About this task:
A faithful copy is needed of the lines below from the one with "- Camión con" up to and including the one with "股權穿透顯示,該公司由中國鐵"; set it down with no pictures and no other lines.

Records for this exercise:
------------------------

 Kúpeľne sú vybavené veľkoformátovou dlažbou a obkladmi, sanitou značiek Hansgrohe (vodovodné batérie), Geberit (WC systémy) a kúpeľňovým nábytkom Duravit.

------------------------

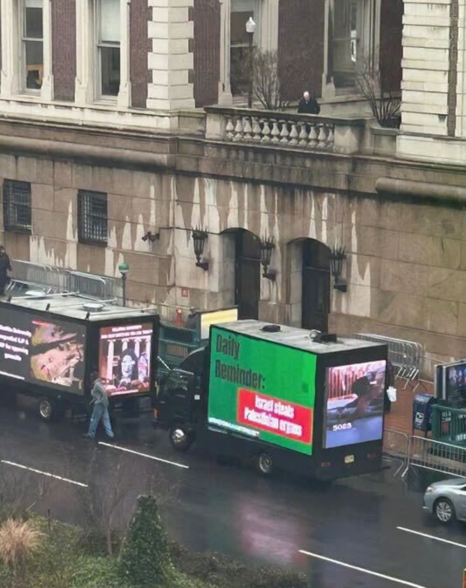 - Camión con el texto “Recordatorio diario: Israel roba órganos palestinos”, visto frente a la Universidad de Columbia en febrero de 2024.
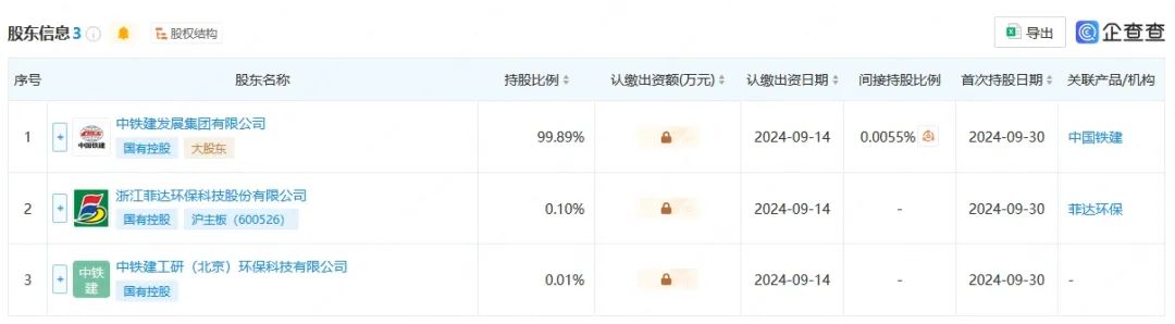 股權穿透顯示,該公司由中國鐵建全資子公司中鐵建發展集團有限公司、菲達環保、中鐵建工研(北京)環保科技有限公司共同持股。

------------------------

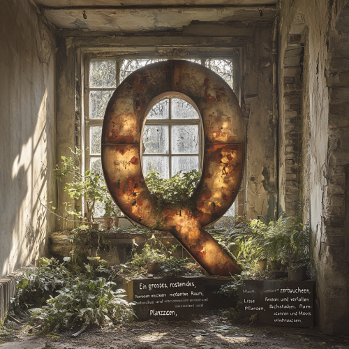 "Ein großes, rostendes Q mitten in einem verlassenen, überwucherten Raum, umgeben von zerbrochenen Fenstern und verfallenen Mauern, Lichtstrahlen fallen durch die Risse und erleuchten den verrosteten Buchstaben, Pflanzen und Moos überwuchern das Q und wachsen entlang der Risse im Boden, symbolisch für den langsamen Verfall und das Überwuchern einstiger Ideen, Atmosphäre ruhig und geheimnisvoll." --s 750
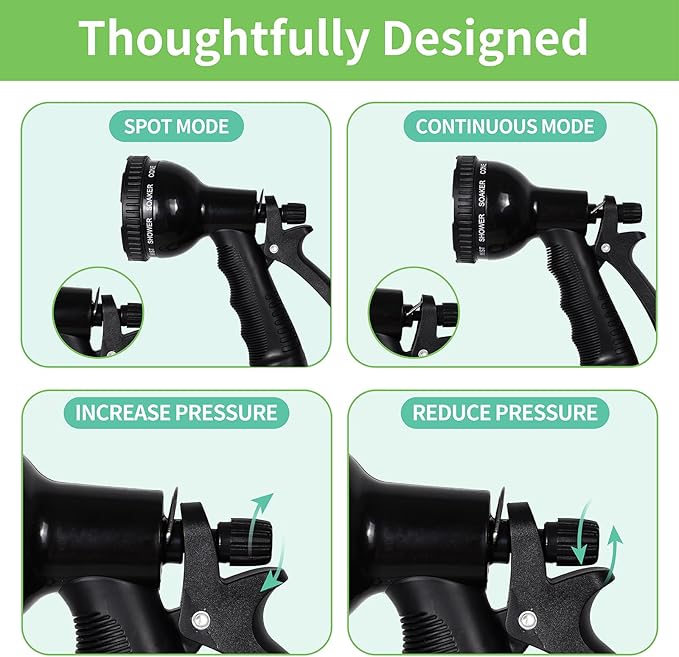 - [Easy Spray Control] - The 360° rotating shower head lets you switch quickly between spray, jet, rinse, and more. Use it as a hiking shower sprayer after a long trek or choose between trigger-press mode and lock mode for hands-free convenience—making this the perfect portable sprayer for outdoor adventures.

------------------------

Response below:
 - Camión con el texto “Recordatorio diario: Israel roba órganos palestinos”, visto frente a la Universidad de Columbia en febrero de 2024.
 股權穿透顯示,該公司由中國鐵建全資子公司中鐵建發展集團有限公司、菲達環保、中鐵建工研(北京)環保科技有限公司共同持股。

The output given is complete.